Und der Glaubenssatz, zu einer guten Beziehung gehöre ein gemeinsames Bett, ist erst einmal wirklich nur das: ein Glaubenssatz. Wenn Sie im gemeinsamen Bett nicht gut schlafen, dann dient das der Beziehung nicht. Stattdessen wird die Schlaflosigkeit bald die Beziehung belasten. Wer schlecht schläft, dessen Immunsystem reagiert eher mit Entzündungsprozessen auf Streit in der Beziehung, berichten Forschende in der Fachzeitschrift »Psychoneuroendocrinology«. Es treffen sich Erschöpfung, Reizbarkeit und das Gefühl: Wieso schläfst du eigentlich, während ich wieder wach liegen muss? Das Problem verschärft sich, wenn der vermeintlich gute Schläfer schnarcht und dies nicht behandelt wird.

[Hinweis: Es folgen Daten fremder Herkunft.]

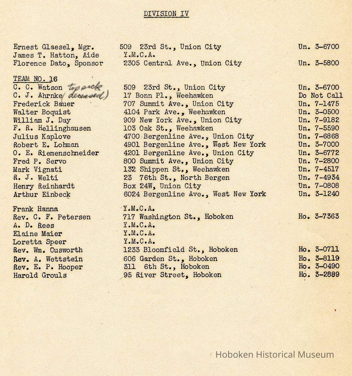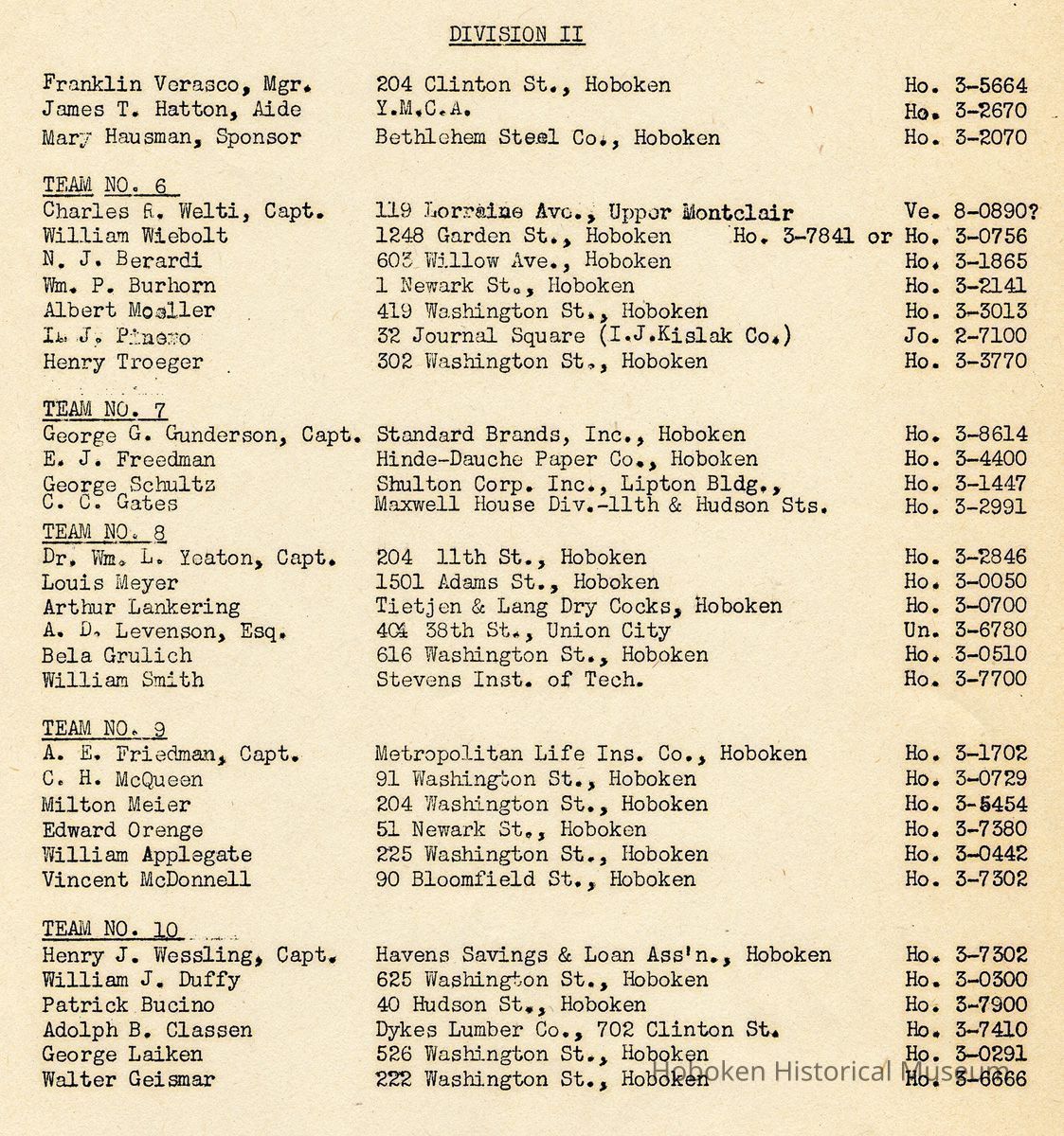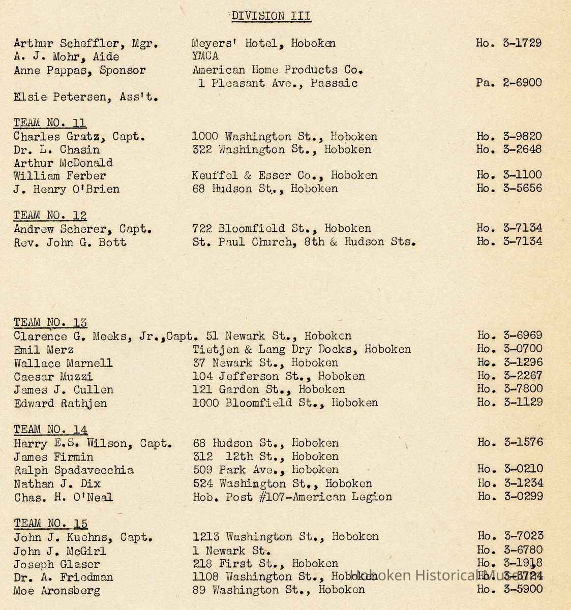 Notes: archives 2001.126.0084 Community Y.M.C.A. Campaign Organization, February 10th -18th, 1941. Max Z. Hurwitz, General Chairman. Fred L. Broad, Executive Secretary. INITIAL GIFTS NAME ADDRESS •PHONE NO. George G. Raymond, Chairman Tietjen & Lang Dry Docks 17th St. & Park Ave., Hoboken Ho. 3-0700 Louis Schelling Vice-Chairman 754 Willow Ave., Hoboken Carl W. Keuffel, Vice-Chairman 300 Adams St., Hoboken Ho. 3-7337 Ho. 3-1100 Fred L. Broad, Executive Secretary YMCA Ho. 3-2670 Anne Parsek, Sponsor 5709 Hudson Ave., West New York Un. 3-8495 Max Z. Hurwitz 416 Washington St., Hoboken Ho. 3-2963 Carl Ahrnke 17 Bonn Pl., Weehawken Do Not Phone John B, Applegate 1 Newark St., Hoboken Ho. 3-0383 Eugene H. Magee 56 Newark St., Hoboken Ho. 3-2861 Louis Meyer Hob, White Lead & Color Works 15th & Adams Sts., Hoboken Ho. 3-0050 Dr. R. B. Nattrass 204 11th St., Hoboken Ho. 3-0245 John D. Pierson 84 Washington St., Hoboken Ho. 3-1560 Anthony J. Volk, Jr. 653 Washington St., Hoboken Ho 3-0820 George Reilly 51 Newark St., Hoboken Ho. 3-1114 John L. Lewis 524 Park Ave., Hoboken Ho. 3-1966 Edward J. Murnane City Hall, Hoboken Ho. 3-0157-? ----- DIVISION I NAME ADDRESS TELEPHONE NO, John Soltman, Mgr. 1 Newark St., Hoboken Ho. 3-0500 Paul Schulz, Aide YMCA Ho. 3-2670 Mary Pappas, Sponsor 1412 Park Ave., Hoboken Ho. 3-2761 TEAM NOa 1 Edward A, Driscoll, Capt. 615 Washington St, Hoboken Ho. 3-7000 M„ L, Beasty Thomas J. Lipton Co., Inc. Hoboken Ho. 3-3300 John Crothers 615 Washington St„, Hoboken Ho. 3-7000 Dr. M, R. Olinger 326 Washington St., Hoboken Ho. 3-0750 Philip J. Reilly 1400 Washington St., Hoboken Ho. 3-0690 Charles Wester 615 Washington St., Hoboken Ho. 3-7000 TEAM NO, 2 Philip Bernheim, Capt. R. Neumann Co. 300 Observer Highway Ho. 3-3400 Hally Hatcher 1400 Washington St., Hoboken Ho. 3-0400 Otto Leimbacher Alco Gravure Co., 9th & Monroe Sts. Ho. 3-3800 Fred Janssen 109 Grand St,, Hoboken Ho. 3-2110 Arthur C. Stout 47 Newark St., Hoboken Ho. 3-3000 TEAM NO. 3 Theodore Furman, Capt, Seaboard Trust Co., 95 River St, Ho. 3-4200 James Creese Stevens Institute of Technology Ho. 3-7700 Herbert Snyder 61 Newark St., Hoboken Ho. 3-8740 Joseph A. Tighe Seaboard Trust Co., 95 River St. Ho. 3-4200 TEAM NOi 4 Guy Trisolini, Capt. 521 Washington St., Hoboken Ho. 3-1311 Arthur Geismar 222 Washington St., Hoboken Ho. 3-6666 Max Barondess 416 Washington St., Hoboken Ho. 3-9797 Thomas J. King 618 Washington St., Hoboken Ho. 3-2990 Edward Schroeder 640 Washington St., Hoboken Ho. 3-3713 TEAM NO. 5 Frank Basso„ Capt. Continental Baking Co., 14th & Park Ho. 3-7481 James Connell 84 Washington St., Hoboken Ho. 3-0942 Peter Daghlian 151 3rd St., Hoboken Ho. 3-5923 David Corcoran 1708 West St., Union City Bruno Omori 715 New York Ave., Union City Harry Ritter 116 68th St., Guttenberg ------- DIVISION II Franklin Verasco, Mgr. 204 Clinton St., Hoboken Ho. 3-5664 James T. Hatton, Aide Y.M.C.A. Ho. 3-2670 Mary Hausman, Sponsor Bethlehem Steel Co., Hoboken Ho. 3-2070 TEAM NO. 6 Charles R. Welti, Capt. 119 Lorraine Ave. Uppor Montclair Ve. 8-0890? William Wiebolt 1248 Garden St., Hoboken Ho. 3-7841 or Ho. 3-0756 N. J. Berardi 605 Willow Ave., Hoboken Ho. 3-1865 Wm. P. Burhorn 1 Newark St., Hoboken Ho. 3-2141 Albert Moeller 419 Washington St., Hoboken Ho. 3-3013 I. J. Pinero 32 Journal Square (I.J. Kislak Co.) Jo. 2-7100 Henry Troeger 302 Washington St,, Hoboken Ho. 3-3770 TEAM NO. 7 George G. Gunderson, Capt. Standard Brands, Inc., Hoboken Ho. 3-8614 E. J. Freedman Hinde-Dauche Paper Co., Hoboken Ho. 3-4400 George Schultz Shulton Corp. Inc., Lipton Bldg. Ho. 3-1447 C. C. Gates Maxwell House Div. -11th & Hudson Sts. Ho. 3-2991 TEAM NO.8 Dr. Wm. L. Yeaton, Capt. 204 11th St., Hoboken Ho. 3-2846 Louis Meyer 1501 Adams St., Hoboken Ho. 3-0050 Arthur Lankering Tietjen & Lang Dry Docks, Hoboken Ho. 3-0700 A. D. Levenson, Esq. 404 38th St., Union City Un. 3-6780 Bela Grulich 616 Washington St., Hoboken Ho. 3-0510 William Smith Stevens Inst. of Tech. Ho. 3-7700 TEAM NO. 9 A. E. Friedman, Capt. Metropolitan Life Ins. Co., Hoboken Ho. 3-1702 C. H. McQueen 91 Washington St., Hoboken Ho. 3-0729 Milton Meier 204 Washington St., Hoboken Ho. 3-5454 Edward Orenge 51 Newark St., Hoboken Ho. 3-7380 William Applegate 225 Washington St., Hoboken Ho. 3-0442 Vincent McDonnell 90 Bloomfield St., Hoboken Ho. 3-7302 TEAM NO. 10 Henry J. Wessling, Capt, Havens Savings & Loan Ass'n., Hoboken Ho. 3-7302 William J. Duffy 625 Washington St., Hoboken Ho. 3-0300 Patrick Bucino 40 Hudson St,, Hoboken Ho. 3-7900 Adolph B. Classen Dykes Lumber Co., 702 Clinton St. Ho. 3-7410 George Laiken 52,6 Washington St., Hoboken Ho. 3-0291 Walter Geismar 222 Washington St., Hoboken Ho. 3-6666 ------ DIVISION III Arthur Scheffler, Mgr. Meyers' Hotel, Hoboken Ho. 3-1729 A. J. Mohr, Aide YMCA Anne Pappas, Sponsor American Home Products Co, 1 Pleasant Ave., Passaic Pa. 2-6900 Elsie Petersen, Ass't. TEAM NO. 11 Charles Gratz, Capt. 1000 Washington St., Hoboken Ho. 3-9820 Dr. L. Ghasin 322 Washington St., Hoboken Ho. 3-2.648 Arthur McDonald William Ferber Keuffel & Esser Co., Hoboken Ho. 3-1100 J. Henry O'Brien 68 Hudson St., Hoboken Ho. 3-5656 TEAM NO. 12 Andrew Scherer, Capt. 722 Bloomfield St., Hoboken Ho. 3-7134 Rev. John G. Bott St. Paul Church, 8th & Hudson Sts. Ho. 3-7134 TEAM NO. 15 Clarence G. Meeks, Jr., Capt. 51 Newark St., Hoboken Ho. 3-6969 Emil Merz Tietjen & Lang Dry Docks, Hoboken Ho. 3-0700 Wallace Marnell 37 Newark St., Hoboken Ho. 3-1296 Caesar Muzzi 104 Jefferson St., Hoboken Ho. 3-2267 James J. Cullen 121 Garden St., Hoboken Ho. 3-7800 Edward Rathjen 1000 Bloomfield St., Hoboken Ho. 3-1129 TEAM NO. 14 Harry E.S. Wilson, Capt. 68 Hudson St., Hoboken Ho. 3-1576 James Firmin 312 12th St., Hoboken Ralph Spadavecchia 509 Park Ave., Hoboken Ho. 3-0210 Nathan J. Dix 524 Washington St., Hoboken Ho. 3-1234 Chas. H. O'Neal Hob. Post #107-American Legion Ho. 3-0299 TEAM NO. 15 John J. Kuehns, Capt. 1215 Washington St., Hoboken Ho. 3-7023 John J. McGirl 1 N

Zusammenhalt ist wichtiger als Glaubenssätze
Zu einer guten Beziehung gehört aber immer der Zusammenhalt. Also halten Sie zusammen. Betrachten Sie die Schlafstörung wie einen gebrochenen Mittelhandknochen: Auch der ist in einigen Wochen heilbar, aber Sie sind jetzt als Paar noch einmal ganz anders gefordert, damit der oder die Betroffene gesund werden kann.
Sie würden einen Partner mit gebrochener Hand nicht den Koffer tragen lassen. Dann haben Sie auch keinen Grund, auf einem gemeinsamen Bett zu bestehen, wenn dies dem Schlaf schadet. Halten Sie zusammen. Das lohnt sich, denn wenn das Vertrauen in den Schlaf wiederhergestellt ist, dann kann auch der Schlaf im gemeinsamen Bett wieder erholsam sein. Dafür muss der Druck raus – und das Vertrauen rein: Mein Partner ist auf meiner Seite. Wir arbeiten daran und wir kriegen das hin.